MILAN, Italy—Genomic profiling could help reduce the risk of overtreatment in primary prostate cancer (PC) by identifying patients and healthy individuals whose genes put them at greatest risk of developing dangerous disseminated disease, said Norman J. Maitland, PhD, Professor of Molecular Biology and Director of the Cancer Research Unit at York University, U.K. He was speaking at the 2016 European Multidisciplinary Meeting on Urological Cancers.
He interpreted data from several recent studies—investigating the influence gene mutations had on prostate tumor development—that infer gene arrays could soon distinguish patients with dangerous tumors from those whose disease does not need aggressive management.
“[Currently], we don't know which [patients] are going to die of prostate cancer and which ones can be left untreated for the rest of their lives,” he said. “Genetics is one tool to allow us to understand that.”

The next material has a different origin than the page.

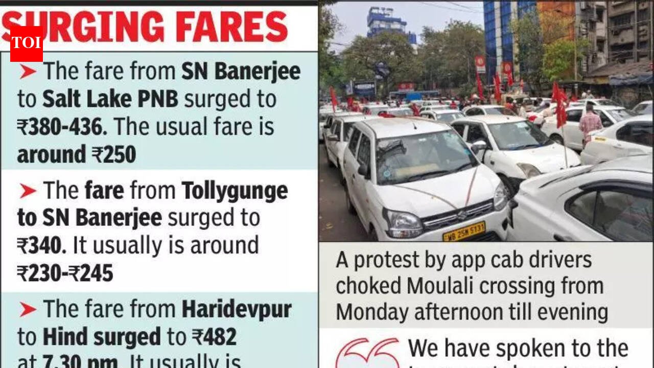 Kolkata: Traffic in vast parts of central Kolkata was severely disrupted for several hours on Monday after Citu-backed app cab drivers blocked the Moulali crossing, demanding that the govt fix a minimum fare of Rs 30 per kilometre for app-based cabs. They refused to move until their petition was accepted. Police said, around 12.10 pm, the protesters blocked the entire Moulali crossing. All traffic was shut on all sides for the next 30 minutes. Immediately after a few of them went to the transport department to submit a deputation but were reportedly refused, dozens of app cabs were positioned across the road, as around 70 drivers, along with their cabs, settled on the eastern flank of the crossing. It was not before 7.20 pm that they finally called off the agitation.The blockade effectively shut down SN Banerjee Road, with the police putting up barricades to stop them from reaching Esplanade, and slowed movement on AJC Bose Road from shortly after noon until late evening. The blockade led to buses taking long detours via Minto Park to try to reach Esplanade. Buses taking Amherst Street were affected too.The result was a massive surge in app cab prices around central Kolkata. The union’s flash protest, with CITU having around 2,000 app cabs under it, affected those travelling to and from the Sealdah-Esplanade belt.Sanjukta Banerjee, who was travelling from Rafi Ahmed Kidwai Road, was asked to fork out Rs 340 to reach Salt Lake. “I had to abandon my meeting with relatives as it was not possible for me at an advanced age to walk down to the Metro station,” said Banerjee.Commuters travelling from Sealdah and Entally towards Esplanade were among the worst affected. With vehicles unable to pass through the stretch, hundreds of daily passengers were seen walking long distances to reach Esplanade and the Chandni Chowk Metro station. Several office-goers and students reported delays as buses and taxis were unable to enter the area.Indranil Banerjee of the West Bengal Online Cab Operators’ Guild, another app cab union, said that while they support a fare structure, such claims as asking for a minimum Rs 30 fare per kilometre all through the day was “anti-people.” “We need the support of passengers. Hence, we have spoken to the transport department for introducing a scientific fare structure. The govt said it is ready to discuss the issue,” said Banerjee.A senior cop said personnel were deployed at the site to manage the situation and keep traffic moving on alternative routes, but congestion persisted through the afternoon.

Healthy Population at High Risk
One of the studies Maitland discussed identified 23 susceptibility loci for PC that “could pick out the top 1 percent of the risk distribution” among healthy individuals—who had nearly a five-fold higher risk of developing primary PC than average (Nat Genet 2013;45(4):385-391,391e1-2).

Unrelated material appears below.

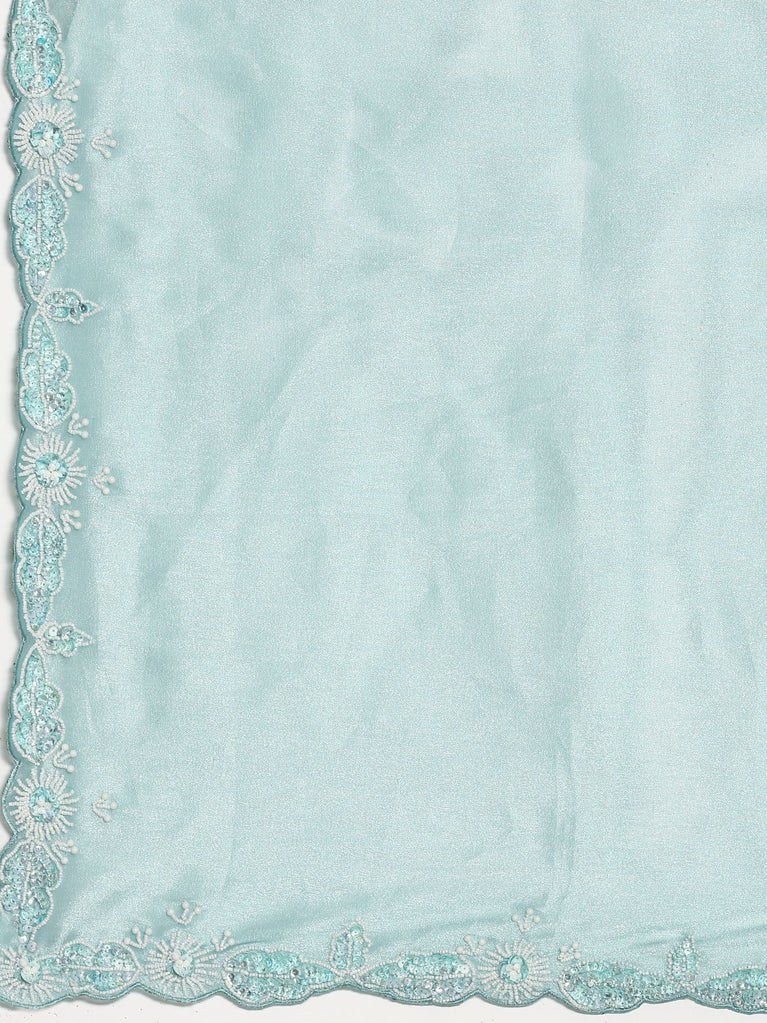 Blue Jimmy satin tissue saree work pearls & sequins embroidery with ready made blouse

Improved “bioinformatics” were needed, said Maitland, to assess multiple genetic indicators of risk in each patient and to interpret genome-wide associations of PC-specific survival so as to recognize lethal forms of PC from among many less-threatening types.

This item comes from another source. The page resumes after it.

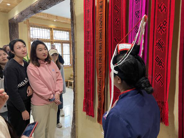 学习与采风团首先参观了“畲族博物馆”。同学们有序参观学习了畲族博物馆,在博物馆讲解员细致的讲解下,对景宁畲族的人口分布、民居、手工、饮食、宗祠族规、节庆、音乐、舞蹈等背景知识都有了非常细致的了解,对深入景宁民间采风打下了良好的基础。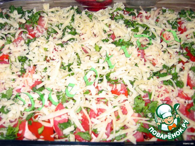 посыпаем тертым на крупной терке сыром и измельченной любимой зеленью, помещаем форму в рукав для запекания и...

Maitland illustrated the difficulty of genetic prediction by discussing data from a genome-wide survival analysis of cause-specific death among 24,023 patients with PC (in whom there were 3,513 disease-specific deaths) that found no significant association between genetic variants and prostate cancer survival (Cancer Epidemiol Biomarkers Prev 2015;24(11):1796-1800).
Because of tumor heterogeneity Maitland warned that biopsy was not always good enough for prediction—mutations could be different depending on which part of the tumor sampled (Nature Genetics 2015;47:367-372).
In addition, targeted therapies might not work because of the multiplicity of potential targets and the likelihood that some of them would elude the best endeavors of the targeteers.
There was also another hurdle to overcome—a cancer “genomic halo” that could limit the effectiveness of local therapy for PC, Maitland explained. Cancer cells in the tumor radiated their cancer-causing influence into surrounding tissues—in a process he described as a “field effect” or “field cancerization”—through which cancer-causing mutations present in the tumor were also found beyond tumor margins.
“Around [the tumor] there appears to be a field of cells, which are activated to become cancer,” he noted. The logical conclusion was that focal therapies—like radical prostatectomy—could only be curative if affected surrounding cells were ablated along with the tumor.
Maitland described PC tumor samples as not very different from healthy tissues.
“The gene complement in many prostate cancers is more than 99 percent identical to the original normal tissue. It's just that a critical gene becomes mutated and that triggers the whole cancer event.”
But Maitland was encouraged by the fact that research had yielded a “catalogue of mutations likely to occur in prostate cancer” that were already reflected in panels currently being tested in research on the genomics of prostate cancer—even though PC was not such a rich source of mutations as most other common cancers.
“There are many mutations [in PC], but they are a fraction of the number that are present in lung cancer, melanoma, and in almost any other solid cancer including breast cancer. Prostate cancer seems to be mutagenically quite separate from the other cancers.”
In PC, thousands of cells of a tumor needed to be sequenced, he said. “But it might be the cell that looks normal that's the one to go on to become cancer.”
To make matters even more complicated, Maitland noted that not all gene mutations detected by arrays were active. Some mutated genes—active early in the tumor's development—could have been switched off at later stages since they were no longer required.
“Identifying them will be important in deciding how a cancer starts, but useless if you designed a treatment against them,” he said.
“Every time you treat a cancer you are selecting for survivors. With prostate cancer, the first drive in this [process] is either to mutate the androgen receptor gene or to amplify it,” Maitland continued. “This comes about because the drugs are dampening down the androgen response critical in the growth of prostate cancer and the cell needs to find a new way to respond to these minimal levels of androgen.”
In addition to mutations, PC also had gene rearrangements that seemed to be diagnostic, according to Maitland. “But they're diagnostic for good prognosis rather than bad prognosis, so they're not ideal tools.”
When he was asked if genomic profiling could become a powerful tool in attacking prostate cancer, Maitland suggested genetic “mapping” could eventually be viewed as more useful for clinical planning than measuring the size and shape of a tumor.
“If you could image the genetics of the cancer rather than [just] its appearance, then you could extend focal therapy to as much of the field as you can get,” he concluded.
Peter M. Goodwin is a contributing writer.